Here’s the background: Back in April last year, GameStop told the world that it was planning to close hundreds of its stores. Adding insult to injury, its value on the stock market at the time was just under US$3 (~RM12). Now, to be fair, GameStop’s woes technically began several years prior; even before the ongoing COVID-19 pandemic blindsided businesses around the world, its stock price began its death spiral nearly six years ago. On top of that, the company had bled a more than US$1.5 billion (~RM6.1 billion) over the last three years, and it’s even got a morbidly obese debt of US$500 million (~RM2.03 billion). Well, that and the fact that diskless consoles are becoming more popular and digital game sales have shot up over the last several years.

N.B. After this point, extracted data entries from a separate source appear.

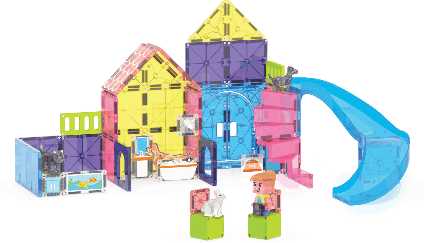 Atverk duris į pasaulį, kuriame gyvūnėliai pasiruošę smagiai pažaisti, o kūrybiškumas neturi jokių ribų! Su MAGNA-TILES konstruktoriumi „Gyvūnų žaidimų namelis“ gali sukurti tikrą rojų savo augintiniams – žaismingiems šuniukams, smalsiam kačiukui ir šokliam zuikučiui. Atverk dvigubas duris ir ženk į žaidimų namelį, kuriame gyvūnėliai gali laipioti, leistis nuo čiuožyklos ir užsiimti kita smagia veikla ir žaidimais. Rinkinyje yra ir gyvūnų prižiūrėtojo figūrėlė, o microMAGS kubeliai leidžia viską pastatyti greitai ir be jokio vargo. Kad būtų dar smagiau, gali sukonstruoti tvoreles ir vartelius, kad išdykėlis šuniukas nepatektų į virtuvę! Gyvūnų žaidimų namelis – tobulas kūrybiškumo ir smagių žaidimų derinys. Ar esi pasiruošęs išlaisvinti vaizduotę? Pažaiskime!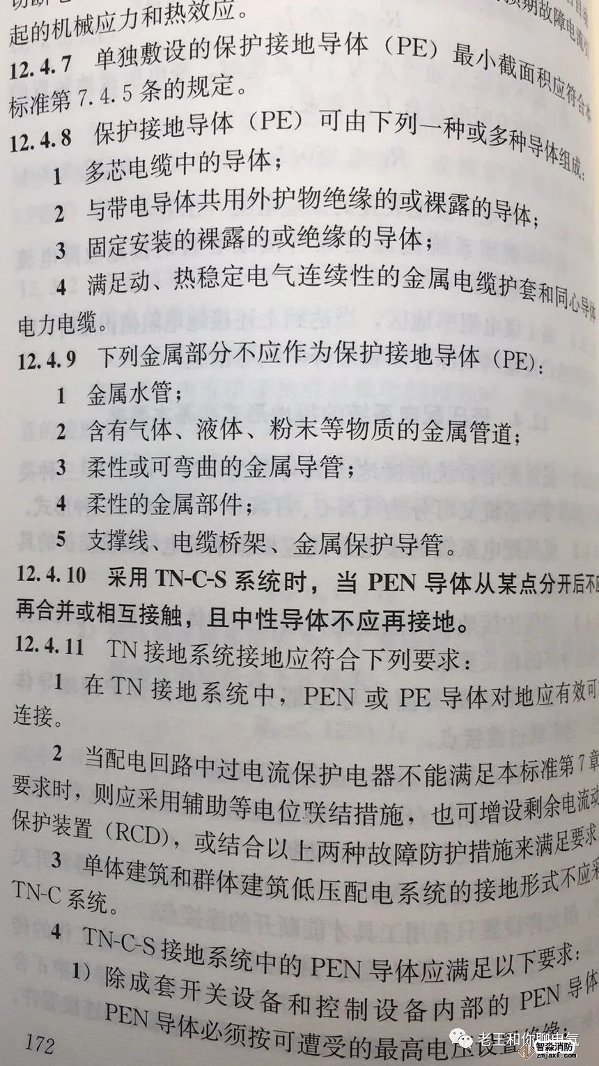解析:旧《民规》为外界可导电部分,此处改为电气装置外可导电部分,有很大进步,但是“严禁保护接地导体(PEN)”漏掉了“中性”二字,应该是“保护接地中性导体”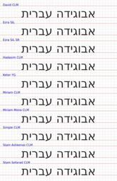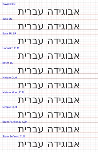Keywords: ScriptSample Hebrew.svg en Hebrew fonts supported by Wikimedia except DejaVu 2016-05-07 own Locoluis other versions cc-zero SVG files Fonts Writing systems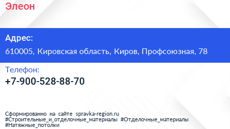 Элеон по адресу 610005, Кировская область, Киров, Профсоюзная, 78 в дальнейшем Организация, размещена в следующих категориях: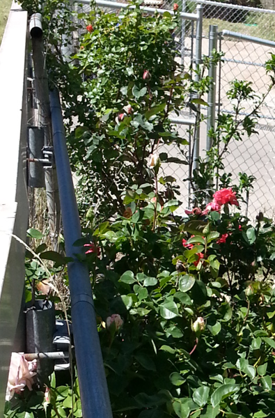 The roses went in. On my side there are three pink roses and a Thompson grape, which I hope will crawl across that chain link fence. Elana also went with roses, a fragrant purple one that is already blooming and a red. I mulched from the pile of leaves that was created as I cleaned the spring all winter long. Worms love those leaves, so I know I’ve already inoculated my new planters with plenty of the little earth eaters.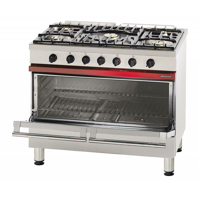 Le four spacieux présente des dimensions intérieures de L 900 - P 455 - H 305 mm et est équipé de brûleurs à flamme autostabilisée de 3, 5 kW, assurant un contrôle précis de la température grâce à un thermostat intégré et une sécurité par thermocouple.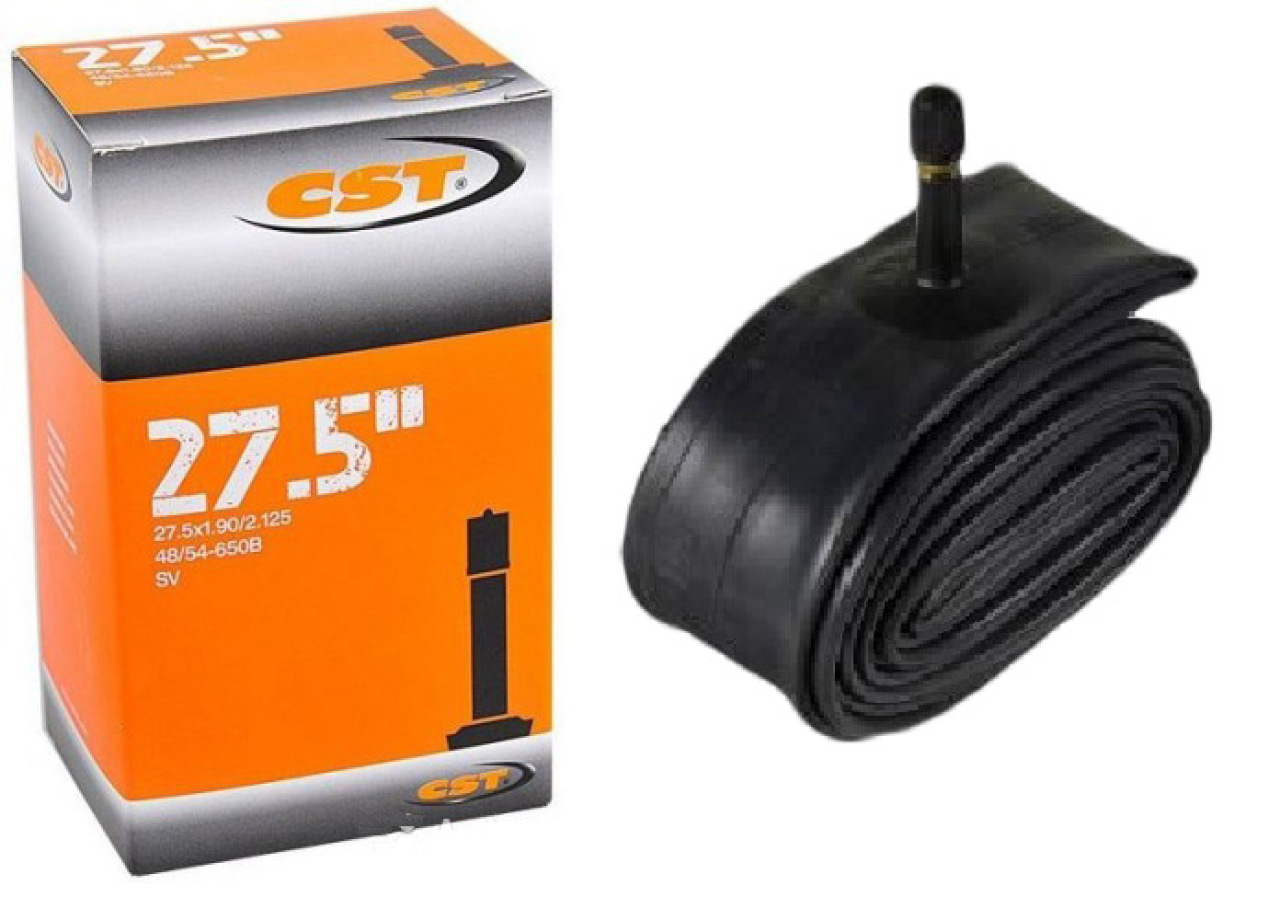 Прочная бутилкаучуковая камера CST для MTB, городских, треккинговых и гибридных велосипедов. Обладает размером под колеса 27,5" и, за счет хорошей тягучести резинового состава, диапазоном ширины - от 1,9" до 2,125". Ниппель стандарта AV, рассчитан для установки с ободами под автомобильный ниппель (Schrader). Ниппель хорошо удерживает давление, резиновый состав имеет толщину стенки 0,87 мм, устойчив к проколам и легко поддается заклейке. Камера рассчитана на посадочный размер 48/54-584.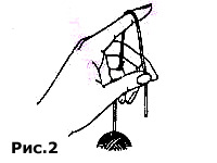 Конец рабочей нити при вязании перекидывается к себе через указательный палец левой руки и прижимается большим пальцем (рис. 2). Нить, идущая от клубка, вкладывается внутрь ладони с согнутыми пальцами. Безымянный палец и мизинец должны постоянно удерживать рабочую нить, давая правильное натяжение. Средний палец должен быть подвижным по мере .необходимости, он помогает удерживать или рабочую нить, или вязанье.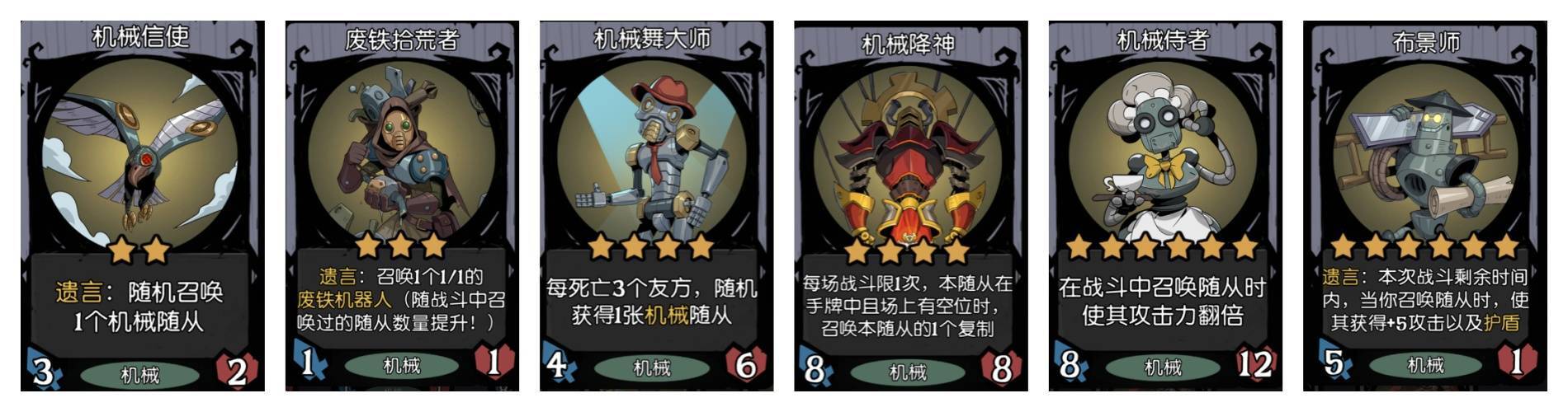 新赛季在阁楼模式的机械种族新增了大量的新随从,其中新增的随从机械信使、废铁拾荒者、机械舞大师、机械降神、机械侍者和布景师都是能够和召唤流搭配的随从,再加上未被删除的钢铁多头蛇、遥控机器人、机甲先锋等随从,召唤流玩法在新赛季非常值得尝试。这其中机械降神可以在不占据场上格子的情况下还能在有空位时召唤1个,金色更是召唤2个。而布景师更是能够为全体召唤物提供护盾,这些新随从的加入大大提升了召唤流的整体强度,让召唤流不再沦落为末流阵容。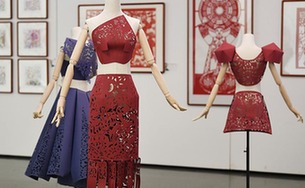 Dresses created using the traditional Chinese paper-cutting techniques are on display at the Guiyang Art Museum in the capital city of Guizhou province on June 9, 2018.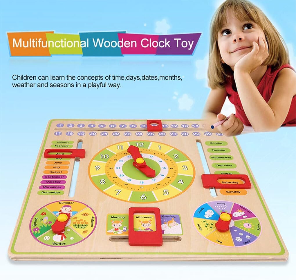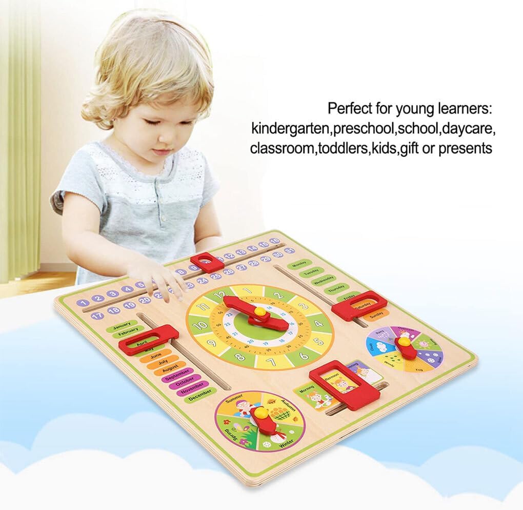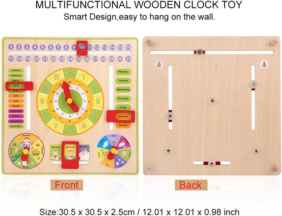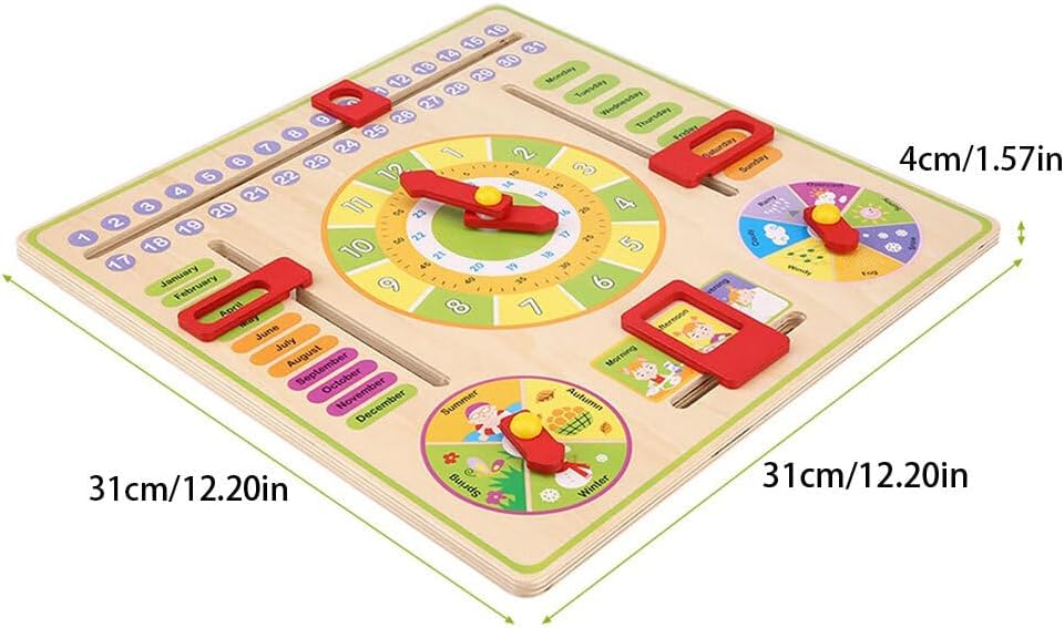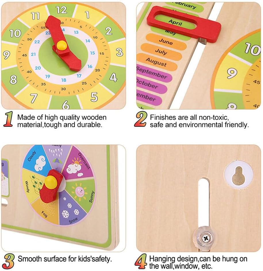 Materiale di qualità: realizzato con materiali in legno di qualità, portatile, resistente agli urti, garantisce un a lungo termine e un ripetuto per i bambini Educazione: imparare in modo giocoso. Aiuta i bambini a cogliere i concetti di tempo, giorni, date, mesi, tempo e stagioni in modo efficace e divertente Sicuro: aspetto liscio e rotondo, non danneggerà le mani. Fornirà ai bambini un di apprendimento sicuro Design sospeso: facile da appendere al muro, facilita l'interazione dei bambini Interessante e attraente: tavola colorata, coinvolgente e attraente per i bambini, che aiuta a catturare la loro attenzione durante l'apprendimento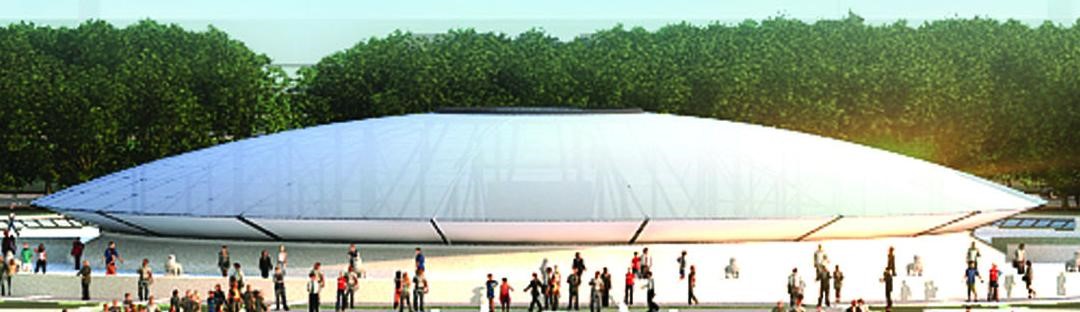 张弦屋盖深化设计及施工。屋盖平面投影39.0m×25.3m,采用两点支撑的张弦结构。张弦屋盖,张弦跨度25.3m,间距5m,上弦截面为H型钢,拉索直径为Φ60。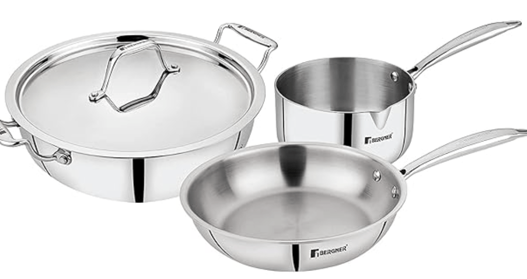 बर्गनर अर्जेन्ट ट्रिपली स्टेनलेस स्टील 4 पीस कुकवेयर सेट, 16 सेमी / 1 लीटर सॉस पैन, 24 सेमी / 2.5 लीटर कढ़ाई ढक्कन के साथ और 22 सेमी फ्राईपैन, 4 पीस कुकवेयर सेट, टिकाऊ, इंडक्शन और गैस रेडी, सिल्वर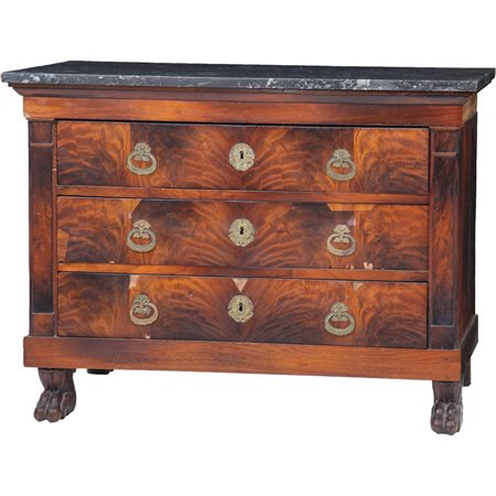 CASSETTONE Impero a tre cassetti in mogano e piuma di mogano.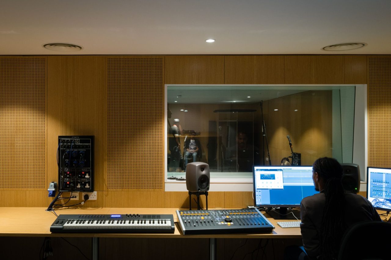 The studio is available to hire for voiceover work and recording sessions. The Recording Studio live room is 5.5 by 8 metres.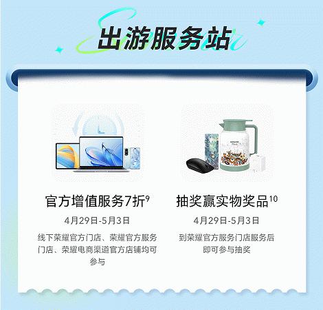 此外,荣耀打造“出游服务站”也为新老用户带来优惠保养服务。活动期间,新老用户前往荣耀门店、荣耀官方服务门店、荣耀电商渠道官方店铺,均可参与享受官方增值服务7折优惠,到门店服务后还可现场参与抽奖,让你装备时刻在线,出行时时安心,精彩随地掌握。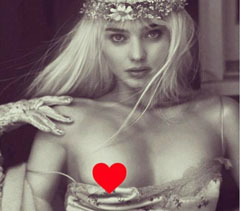 해당 사진은 미란다 커의 '브이매거진' 가을 호 화보로 과감한 노출로 절정의 섹시미를 선보이고 있다. 흑백사진인데다 귀여운 하트 스티커를 붙여 주요부위를 가려놨지만 감출 수 없는 풍만한 가슴라인과 미란다 커에게서 풍겨져 나오는 섹시 아우라가 시선을 사로잡는다. 특히 강렬한 그녀의 눈빛과 화관을 쓴 채 풀어헤친 긴 생머리가 묘한 분위기를 자아내며 남심을 흔든다.

— Inside Gaming (@InsideGaming) January 28, 2021 While this sort of news would typically serve as a caution for investors to stay away from GameStop shares, some Wall Street investors – one hedge fund that was deeply affected was a company called Melvin Capital – saw an opportunity to make money from the brick-and-mortar game store’s slow death by “short selling” its shares. For the uninitiated, short selling, or “shorting”, is a process where investors and groups make money on stocks by betting on its failure or going belly-up. It’s a bit complicated and we’re not professional investors or financial analyst, but here’s as simple a breakdown as we can give: shorting usually starts with the investor informing their broker about their intentions.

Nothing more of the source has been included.